Task instructions:
Pictures stay out of the copy. Repeat exactly the lines from the first entry below through the line that contains "32 мм - 38 мм", and nothing beyond.

Items listed in a dataset
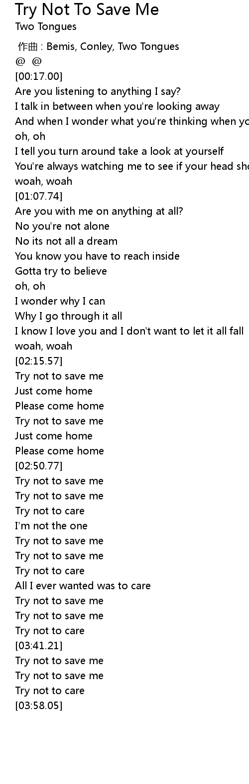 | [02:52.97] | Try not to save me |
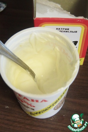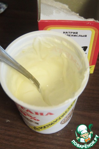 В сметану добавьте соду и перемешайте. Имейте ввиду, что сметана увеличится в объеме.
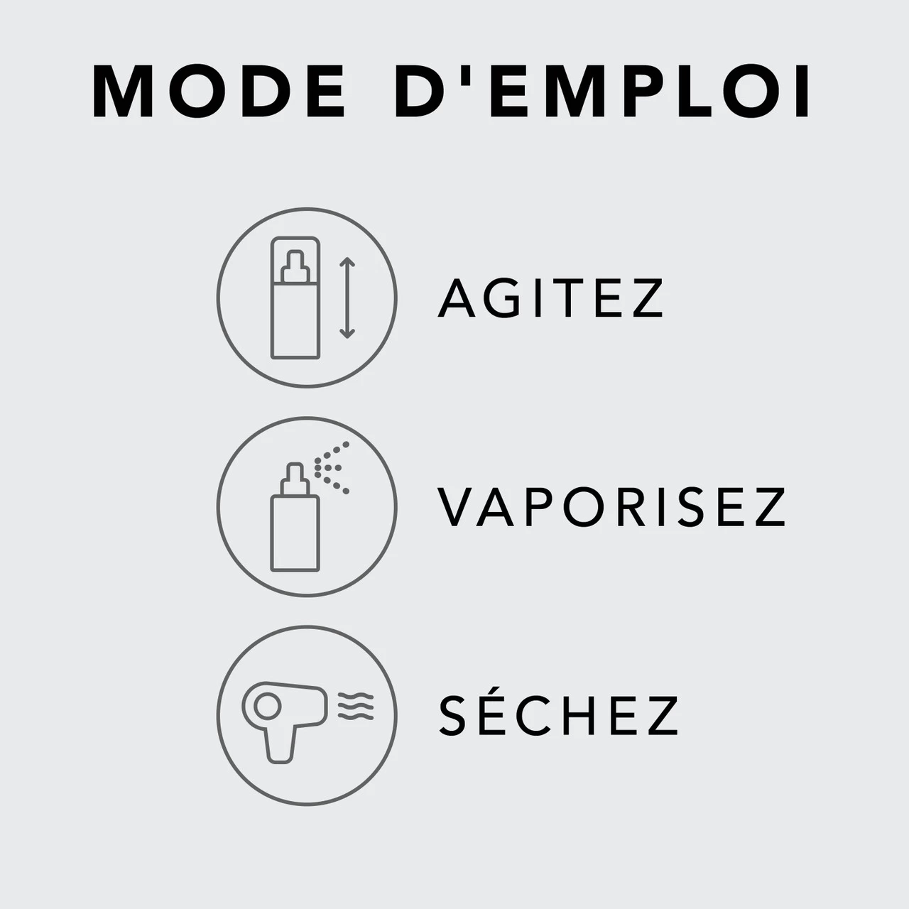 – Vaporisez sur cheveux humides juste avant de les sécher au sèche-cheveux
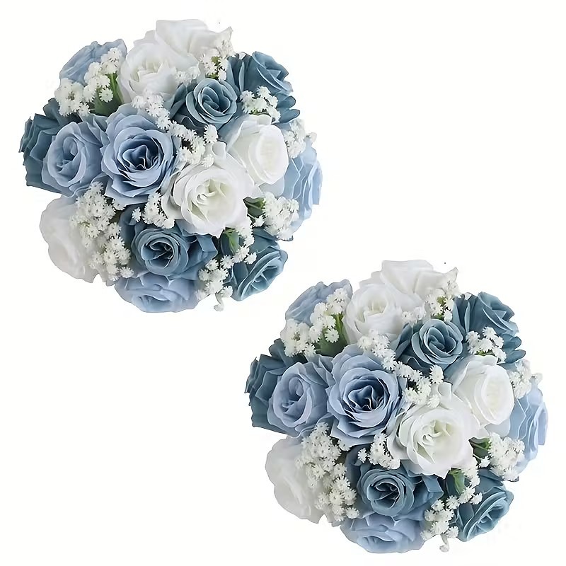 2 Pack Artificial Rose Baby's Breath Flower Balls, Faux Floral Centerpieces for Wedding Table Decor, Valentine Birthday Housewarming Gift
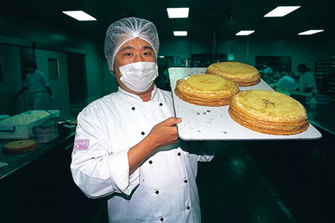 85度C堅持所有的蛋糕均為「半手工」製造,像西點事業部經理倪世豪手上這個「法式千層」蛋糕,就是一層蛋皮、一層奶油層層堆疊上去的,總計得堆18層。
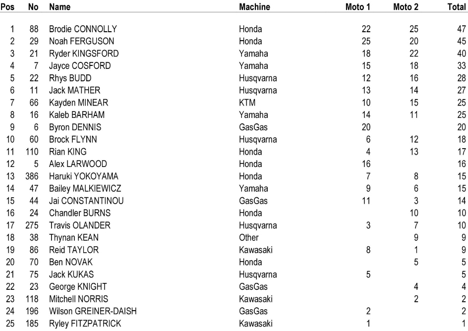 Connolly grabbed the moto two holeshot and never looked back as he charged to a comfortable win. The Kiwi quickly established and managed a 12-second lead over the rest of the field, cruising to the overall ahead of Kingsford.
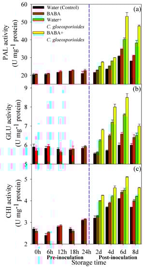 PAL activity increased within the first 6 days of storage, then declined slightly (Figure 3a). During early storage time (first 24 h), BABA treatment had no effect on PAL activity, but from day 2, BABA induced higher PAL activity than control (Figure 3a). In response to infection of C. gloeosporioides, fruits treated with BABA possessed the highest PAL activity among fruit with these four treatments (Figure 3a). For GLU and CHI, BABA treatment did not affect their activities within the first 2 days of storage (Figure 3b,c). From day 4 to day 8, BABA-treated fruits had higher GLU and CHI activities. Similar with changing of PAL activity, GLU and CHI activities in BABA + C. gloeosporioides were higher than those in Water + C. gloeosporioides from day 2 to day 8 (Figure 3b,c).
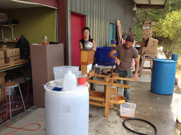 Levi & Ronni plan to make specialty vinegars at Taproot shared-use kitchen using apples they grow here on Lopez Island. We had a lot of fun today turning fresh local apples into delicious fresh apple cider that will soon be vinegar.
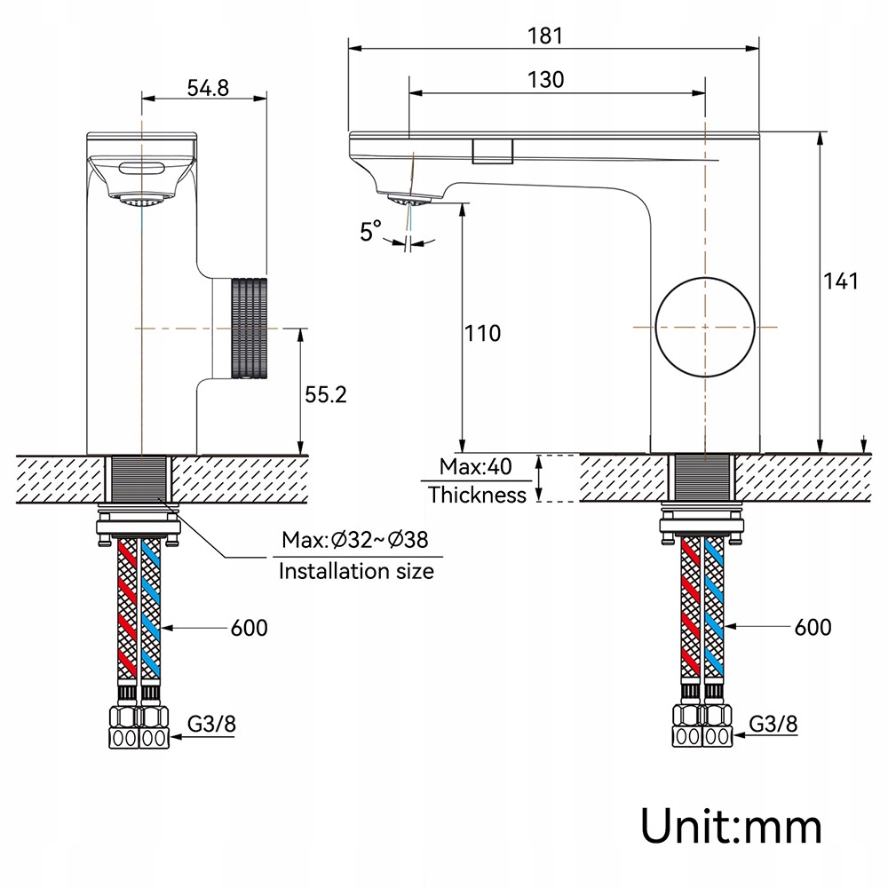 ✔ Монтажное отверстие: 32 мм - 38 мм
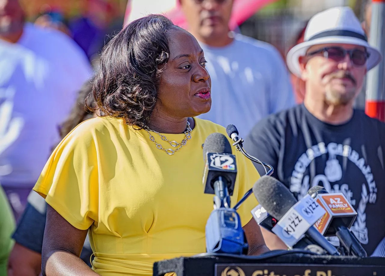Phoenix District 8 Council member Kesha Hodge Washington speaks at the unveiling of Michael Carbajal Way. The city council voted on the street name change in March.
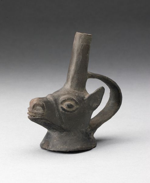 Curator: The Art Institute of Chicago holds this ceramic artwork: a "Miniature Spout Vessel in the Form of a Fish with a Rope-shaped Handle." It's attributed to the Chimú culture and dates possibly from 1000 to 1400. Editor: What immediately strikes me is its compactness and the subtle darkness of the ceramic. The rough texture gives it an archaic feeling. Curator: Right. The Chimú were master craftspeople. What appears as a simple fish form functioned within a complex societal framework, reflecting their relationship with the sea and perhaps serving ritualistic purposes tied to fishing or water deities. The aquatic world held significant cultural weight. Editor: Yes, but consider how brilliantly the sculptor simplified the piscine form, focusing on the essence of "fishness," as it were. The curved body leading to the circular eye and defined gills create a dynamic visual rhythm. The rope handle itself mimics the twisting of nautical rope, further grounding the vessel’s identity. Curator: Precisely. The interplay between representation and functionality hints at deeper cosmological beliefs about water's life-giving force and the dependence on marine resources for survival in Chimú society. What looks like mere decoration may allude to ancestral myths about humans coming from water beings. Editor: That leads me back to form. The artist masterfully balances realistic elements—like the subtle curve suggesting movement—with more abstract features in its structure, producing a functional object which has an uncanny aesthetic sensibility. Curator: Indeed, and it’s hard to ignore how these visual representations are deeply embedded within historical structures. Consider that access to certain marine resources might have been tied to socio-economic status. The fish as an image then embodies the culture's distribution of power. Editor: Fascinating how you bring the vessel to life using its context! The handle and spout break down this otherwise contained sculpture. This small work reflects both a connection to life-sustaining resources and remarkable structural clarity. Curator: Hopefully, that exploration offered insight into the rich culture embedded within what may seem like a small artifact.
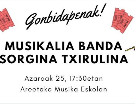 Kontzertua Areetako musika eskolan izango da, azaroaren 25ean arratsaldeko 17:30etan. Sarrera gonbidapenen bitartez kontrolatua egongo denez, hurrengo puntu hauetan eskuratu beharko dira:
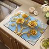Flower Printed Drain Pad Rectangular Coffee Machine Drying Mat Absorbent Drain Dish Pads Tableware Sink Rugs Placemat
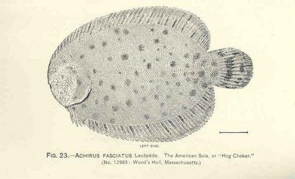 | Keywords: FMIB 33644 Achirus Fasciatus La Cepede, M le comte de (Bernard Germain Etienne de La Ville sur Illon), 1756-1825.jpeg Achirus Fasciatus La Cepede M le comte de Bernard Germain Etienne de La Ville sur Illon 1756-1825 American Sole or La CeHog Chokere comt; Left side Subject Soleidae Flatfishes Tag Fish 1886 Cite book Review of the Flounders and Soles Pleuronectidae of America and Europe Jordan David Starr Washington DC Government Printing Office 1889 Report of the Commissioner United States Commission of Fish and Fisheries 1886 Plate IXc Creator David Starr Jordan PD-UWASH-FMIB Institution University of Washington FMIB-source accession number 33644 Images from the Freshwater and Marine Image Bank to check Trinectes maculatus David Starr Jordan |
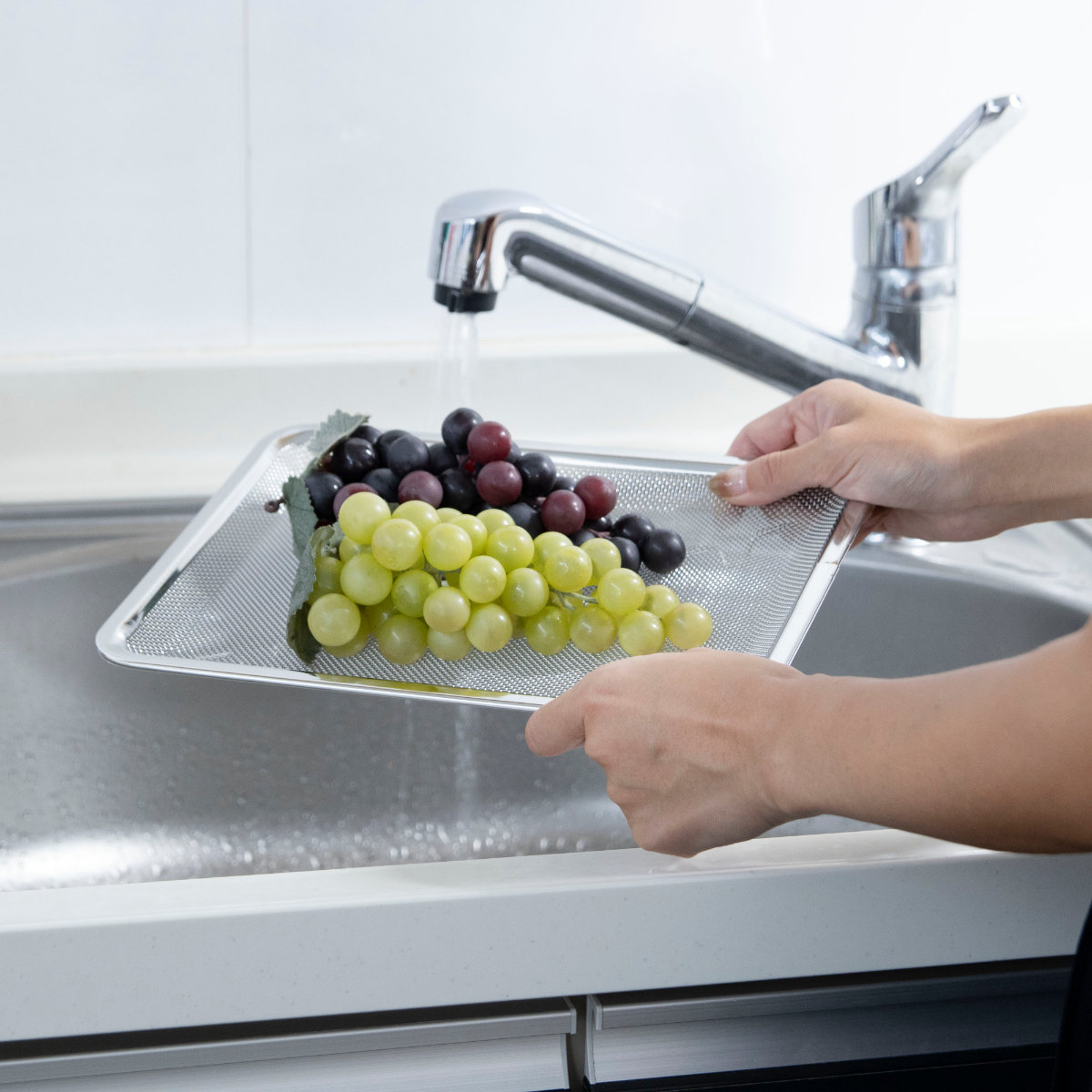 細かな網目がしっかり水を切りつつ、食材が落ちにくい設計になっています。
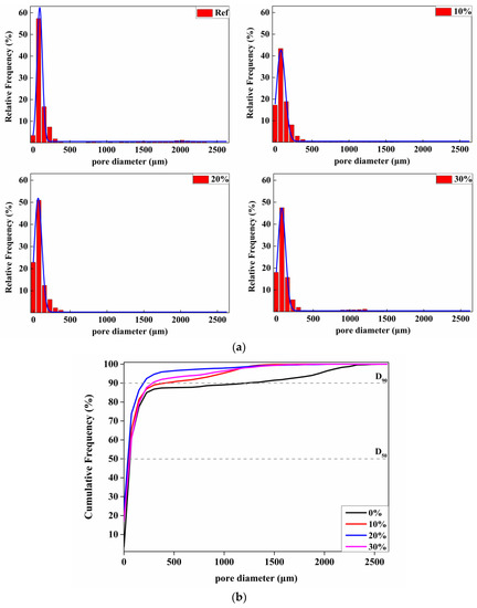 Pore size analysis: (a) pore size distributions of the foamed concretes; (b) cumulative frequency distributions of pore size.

Response box:
 | [02:52.97] | Try not to save me |
 В сметану добавьте соду и перемешайте. Имейте ввиду, что сметана увеличится в объеме.
 – Vaporisez sur cheveux humides juste avant de les sécher au sèche-cheveux
 2 Pack Artificial Rose Baby's Breath Flower Balls, Faux Floral Centerpieces for Wedding Table Decor, Valentine Birthday Housewarming Gift
 85度C堅持所有的蛋糕均為「半手工」製造,像西點事業部經理倪世豪手上這個「法式千層」蛋糕,就是一層蛋皮、一層奶油層層堆疊上去的,總計得堆18層。
 Connolly grabbed the moto two holeshot and never looked back as he charged to a comfortable win. The Kiwi quickly established and managed a 12-second lead over the rest of the field, cruising to the overall ahead of Kingsford.
 PAL activity increased within the first 6 days of storage, then declined slightly (Figure 3a). During early storage time (first 24 h), BABA treatment had no effect on PAL activity, but from day 2, BABA induced higher PAL activity than control (Figure 3a). In response to infection of C. gloeosporioides, fruits treated with BABA possessed the highest PAL activity among fruit with these four treatments (Figure 3a). For GLU and CHI, BABA treatment did not affect their activities within the first 2 days of storage (Figure 3b,c). From day 4 to day 8, BABA-treated fruits had higher GLU and CHI activities. Similar with changing of PAL activity, GLU and CHI activities in BABA + C. gloeosporioides were higher than those in Water + C. gloeosporioides from day 2 to day 8 (Figure 3b,c).
 Levi & Ronni plan to make specialty vinegars at Taproot shared-use kitchen using apples they grow here on Lopez Island. We had a lot of fun today turning fresh local apples into delicious fresh apple cider that will soon be vinegar.
 ✔ Монтажное отверстие: 32 мм - 38 мм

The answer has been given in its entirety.